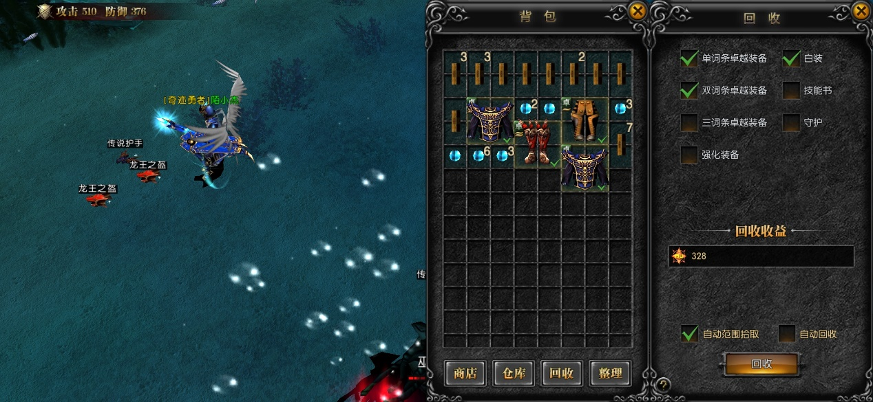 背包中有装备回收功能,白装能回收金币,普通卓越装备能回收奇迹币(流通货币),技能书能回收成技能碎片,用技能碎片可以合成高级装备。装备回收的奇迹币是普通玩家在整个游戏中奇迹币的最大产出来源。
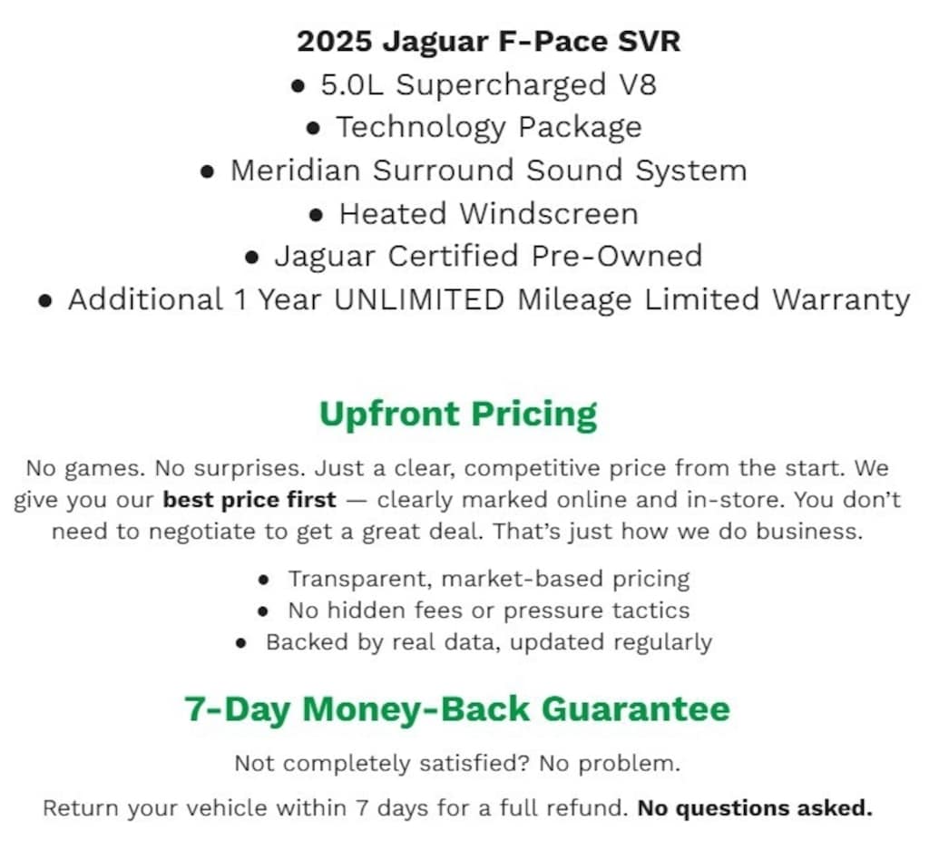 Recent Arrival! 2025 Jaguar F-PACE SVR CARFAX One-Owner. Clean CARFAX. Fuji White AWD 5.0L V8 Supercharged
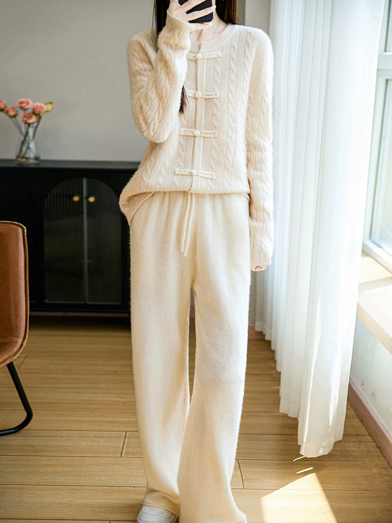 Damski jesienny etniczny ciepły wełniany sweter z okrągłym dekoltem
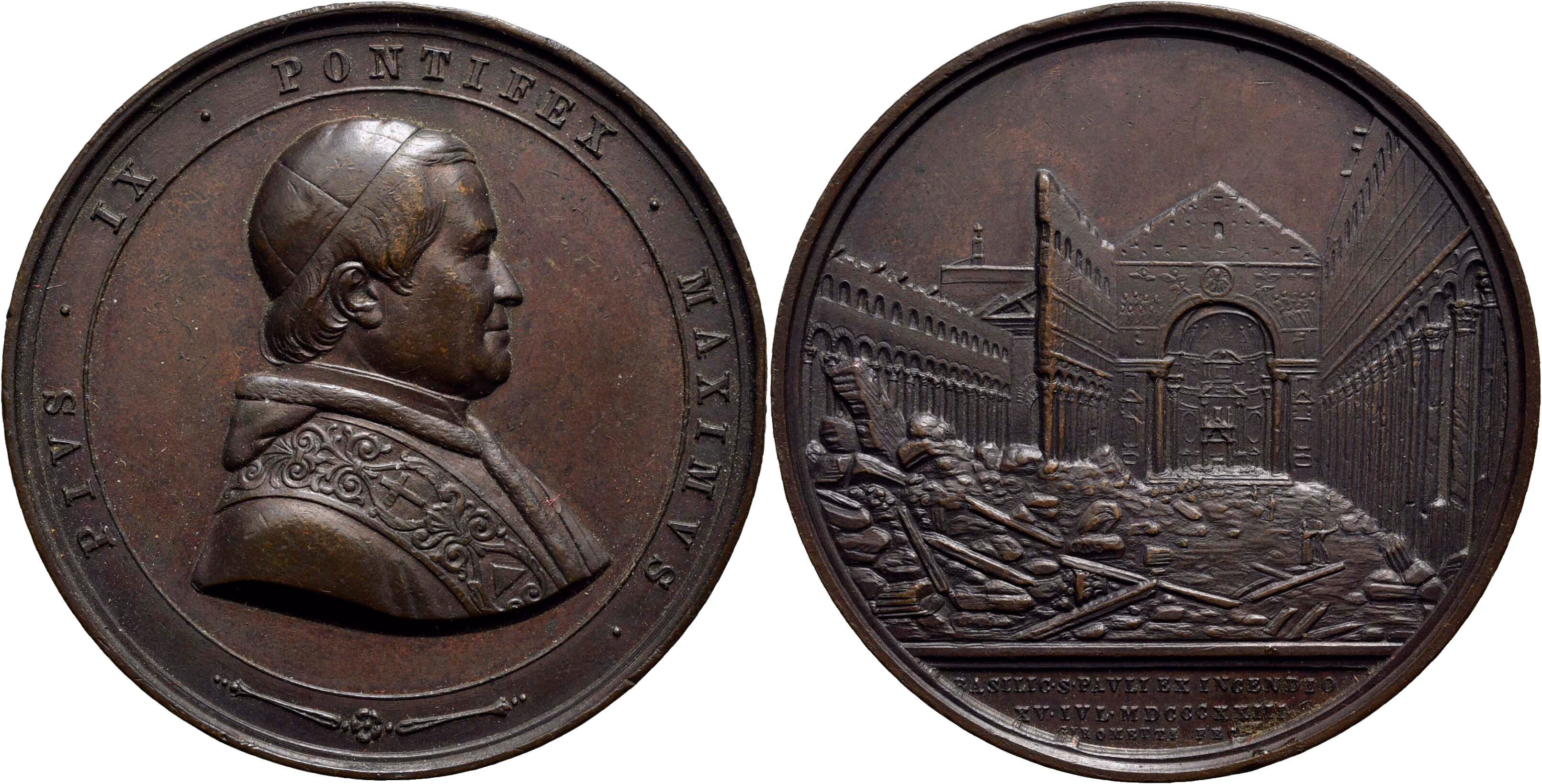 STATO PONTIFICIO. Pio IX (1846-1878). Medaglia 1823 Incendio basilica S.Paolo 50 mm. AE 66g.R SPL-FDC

Exercise instructions
Set down all the lines above exactly as they appear, with no pictures.

Solution for this exercise
 背包中有装备回收功能,白装能回收金币,普通卓越装备能回收奇迹币(流通货币),技能书能回收成技能碎片,用技能碎片可以合成高级装备。装备回收的奇迹币是普通玩家在整个游戏中奇迹币的最大产出来源。
 Recent Arrival! 2025 Jaguar F-PACE SVR CARFAX One-Owner. Clean CARFAX. Fuji White AWD 5.0L V8 Supercharged
 Damski jesienny etniczny ciepły wełniany sweter z okrągłym dekoltem
 STATO PONTIFICIO. Pio IX (1846-1878). Medaglia 1823 Incendio basilica S.Paolo 50 mm. AE 66g.R SPL-FDC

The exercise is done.